Ms Getthip and her start-up group have been trying to put plastic waste into the recycling system so it can be put to alternative uses. Although water bottles may contain a certain amount of recycled plastic, unlike many countries, the Thai government has not yet allowed recycled plastic to be used for food packaging. This means the lifespan of plastic containers, such as water bottles, is being cut short.

For the time being, used plastic can be recycled into eco-bricks, pails, basins or ornamental objects, she said.
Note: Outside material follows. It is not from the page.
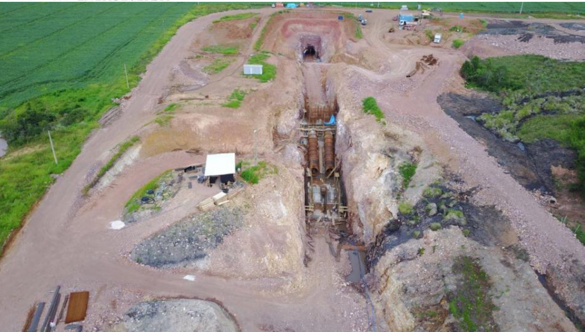
VISTA GERAL DO SETOR DE JUSANTE – TÚNEL – CANAL – TOMADA D'ÁGUA – CONDUTO E CASA DE FORÇA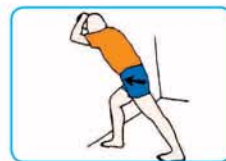
30 segundos cada pierna

But the Thai government has been sluggish. In mid-April, the cabinet agreed in principle for plastic waste management to be included in the 2018-2030 roadmap draft, as proposed by the Ministry of Natural Resources and Environment to reduce consumption of single-use plastic items.

At least three supermarket chains and shopping malls have plans to stop giving away plastic bags by offering extra membership points to customers who bring their own bags. In January, the country’s largest convenience store chain donated its first 25 million baht from its CSR campaign to encourage customers to reduce their plastic consumption.

The campaign paid off, with about 1.5 billion plastic bags, or about 2.6 tonnes of plastic, saved across the country after eight months. The ministry also plans to ban plastic cap seals, OXO-degradable plastic and microbeads. By 2022, four more items — thin plastic bags, styrofoam containers, straws and cups — will also be banned.

Paradorn Chulajata, chairperson of the Plastic Industry Club, the Federation of Thai Industries, agrees that complete bans aren’t a sustainable solution and also advocates, like Ms Getthip, reducing use and providing more environmentally friendly options to customers. Public education is also important so people know they can recycle plastic waste rather than disposing of it along with their other rubbish, he adds.

According to Mr Paradorn, of the 4 million tonnes of plastic waste produced in Thailand each year, 1.9 million tonnes are single-use plastic items such as bags and straws. Only about 400,000 tonnes are recycled and 1.5 million tonnes go to landfills. About 30,000 tonnes are left out of the waste management system while about 10,000-30,000 tonnes is washed into the ocean.

The club has been trying to convince the government that, with advanced technology, used water bottles can be recycled into food-grade water bottles.

“This way, plastic will never be the culprit, but over-consumption will be,” said Mr Paradorn.

Sirinya Wattanasukchai is a columnist, Bangkok Post.